[Opening Material provided section]

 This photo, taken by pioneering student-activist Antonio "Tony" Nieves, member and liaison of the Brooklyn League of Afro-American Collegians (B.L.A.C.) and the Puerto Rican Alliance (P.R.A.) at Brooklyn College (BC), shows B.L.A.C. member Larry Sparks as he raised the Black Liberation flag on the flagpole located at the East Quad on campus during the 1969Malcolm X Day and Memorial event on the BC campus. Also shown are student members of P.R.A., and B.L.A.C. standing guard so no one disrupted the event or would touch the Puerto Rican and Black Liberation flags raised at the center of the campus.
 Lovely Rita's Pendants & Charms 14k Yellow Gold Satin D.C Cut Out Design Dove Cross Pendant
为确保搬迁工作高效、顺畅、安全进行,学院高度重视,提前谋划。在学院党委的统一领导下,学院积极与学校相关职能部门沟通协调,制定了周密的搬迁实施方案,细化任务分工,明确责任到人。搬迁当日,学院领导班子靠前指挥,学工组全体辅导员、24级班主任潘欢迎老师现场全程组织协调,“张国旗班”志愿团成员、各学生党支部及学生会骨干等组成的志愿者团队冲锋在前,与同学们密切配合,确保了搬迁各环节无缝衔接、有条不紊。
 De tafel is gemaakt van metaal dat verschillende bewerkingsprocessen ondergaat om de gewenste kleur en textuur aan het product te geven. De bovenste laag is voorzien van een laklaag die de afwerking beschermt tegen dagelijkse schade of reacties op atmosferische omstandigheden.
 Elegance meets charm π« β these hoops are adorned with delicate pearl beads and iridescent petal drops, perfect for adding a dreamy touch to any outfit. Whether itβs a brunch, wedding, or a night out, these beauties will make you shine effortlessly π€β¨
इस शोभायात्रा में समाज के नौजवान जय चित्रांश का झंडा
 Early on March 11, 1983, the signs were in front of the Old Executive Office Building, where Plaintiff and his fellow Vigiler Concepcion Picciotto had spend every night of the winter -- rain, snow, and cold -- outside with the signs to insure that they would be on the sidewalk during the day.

[Closing Material provided section]
[Opening Material provided section]

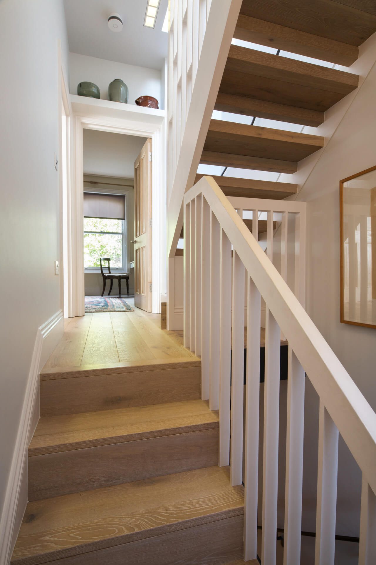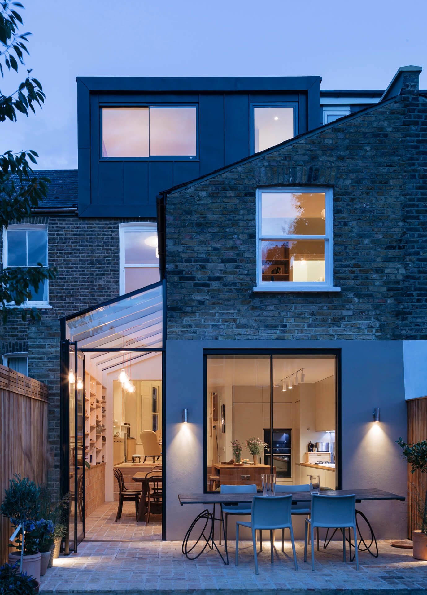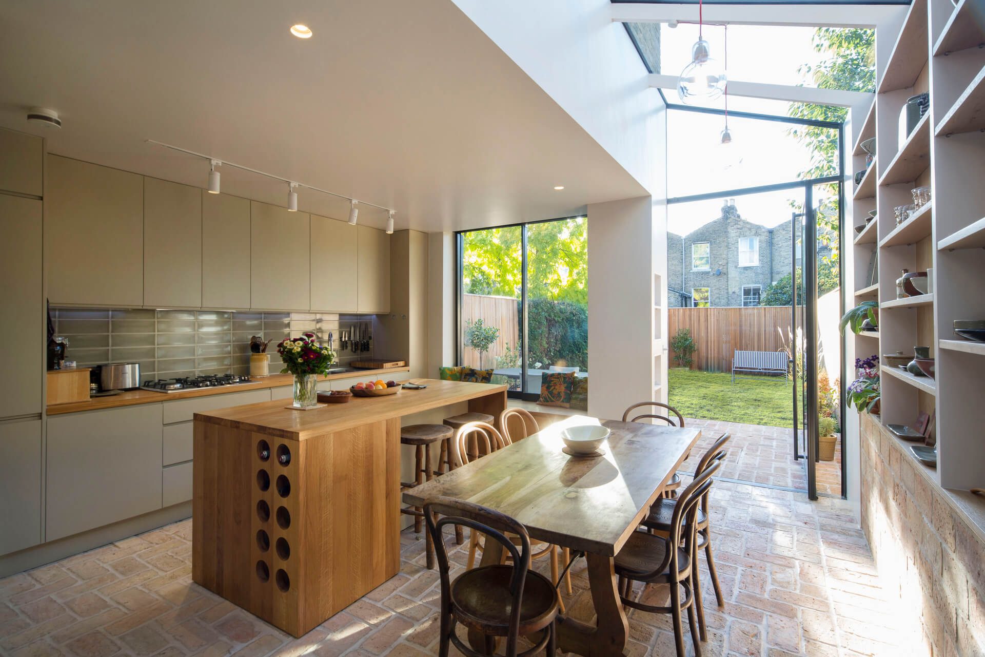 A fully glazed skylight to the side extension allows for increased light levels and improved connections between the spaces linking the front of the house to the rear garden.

[Closing Material provided section]

* Activity
Using the entries above, give again exactly the lines from the line holding "De tafel is" through the line holding "Early on March". Include both end lines and nothing else.

* Solution
 De tafel is gemaakt van metaal dat verschillende bewerkingsprocessen ondergaat om de gewenste kleur en textuur aan het product te geven. De bovenste laag is voorzien van een laklaag die de afwerking beschermt tegen dagelijkse schade of reacties op atmosferische omstandigheden.
 Elegance meets charm π« β these hoops are adorned with delicate pearl beads and iridescent petal drops, perfect for adding a dreamy touch to any outfit. Whether itβs a brunch, wedding, or a night out, these beauties will make you shine effortlessly π€β¨
इस शोभायात्रा में समाज के नौजवान जय चित्रांश का झंडा
 Early on March 11, 1983, the signs were in front of the Old Executive Office Building, where Plaintiff and his fellow Vigiler Concepcion Picciotto had spend every night of the winter -- rain, snow, and cold -- outside with the signs to insure that they would be on the sidewalk during the day.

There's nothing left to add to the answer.